Phase VII — Game Theory for Optimization & Robotics | Week 14 | 2.5 hours Every strategic interaction can be encoded as a matrix — then solved with the tools you already know.

OKS Relevance

Two OKS robots approaching the same intersection must decide: yield or proceed. Each robot's best action depends on the other's choice. This is a coordination game in normal form. Understanding dominance lets the fleet controller prune clearly bad strategies before computing equilibria — reducing the dimension of the decision space for real-time dispatch.


Theory (45 min)

92.1 Players, Strategies, Payoffs

A normal-form game is a tuple $\Gamma = (N, \{S_i\}_{i \in N}, \{u_i\}_{i \in N})$ where: - $N = \{1, 2, \ldots, n\}$ is the set of players. - $S_i$ is the finite set of strategies for player $i$. - $u_i : S_1 \times \cdots \times S_n \to \mathbb{R}$ is the payoff function.

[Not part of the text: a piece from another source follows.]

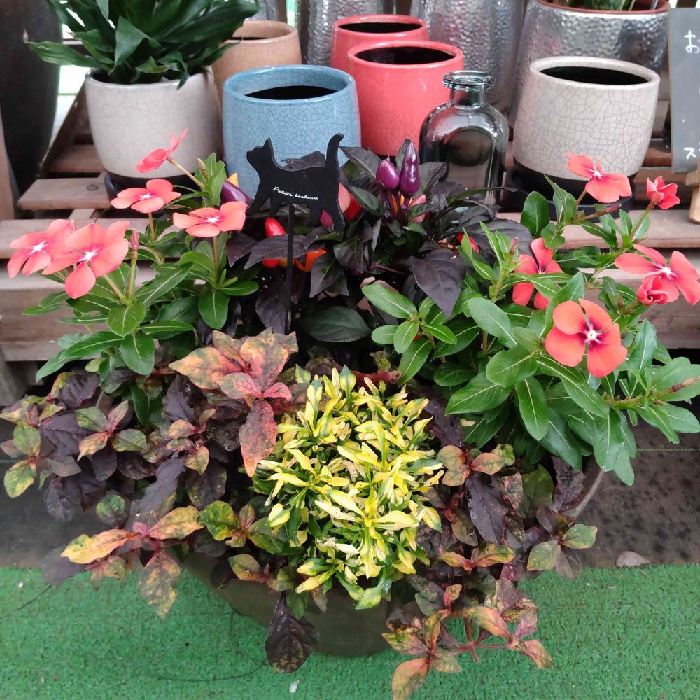 花トウガラシ“コンガ”と日々草“タトゥ”

A strategy profile $s = (s_1, \ldots, s_n) \in S_1 \times \cdots \times S_n$ specifies one strategy per player. We write $s_{-i}$ for the profile of all players except $i$.

For two-player games, payoffs are encoded in bimatrices $(A, B)$ where $A_{ij} = u_1(i,j)$ and $B_{ij} = u_2(i,j)$.

92.2 Classic Games

Prisoner's Dilemma — each player prefers to defect regardless of the other:

$$A = \begin{pmatrix} -1 & -3 \\ 0 & -2 \end{pmatrix}, \quad B = \begin{pmatrix} -1 & 0 \\ -3 & -2 \end{pmatrix}$$

Stag Hunt — coordination with risk:

$$A = \begin{pmatrix} 4 & 0 \\ 3 & 2 \end{pmatrix}, \quad B = \begin{pmatrix} 4 & 3 \\ 0 & 2 \end{pmatrix}$$

Chicken (Hawk-Dove) — anti-coordination:

$$A = \begin{pmatrix} 0 & -1 \\ 1 & -5 \end{pmatrix}, \quad B = \begin{pmatrix} 0 & 1 \\ -1 & -5 \end{pmatrix}$$

92.3 Strictly and Weakly Dominated Strategies

Strategy $s_i$ is strictly dominated by $s_i'$ if: $$u_i(s_i', s_{-i}) > u_i(s_i, s_{-i}) \quad \forall s_{-i} \in S_{-i}$$

Strategy $s_i$ is weakly dominated by $s_i'$ if $\geq$ holds everywhere and $>$ holds for at least one $s_{-i}$.

A rational player never plays a strictly dominated strategy. This lets us simplify games.

92.4 Iterated Elimination of Strictly Dominated Strategies (IESDS)

  1. Remove any strictly dominated strategy for any player.
  2. Re-evaluate dominance in the reduced game.
  3. Repeat until no further elimination is possible.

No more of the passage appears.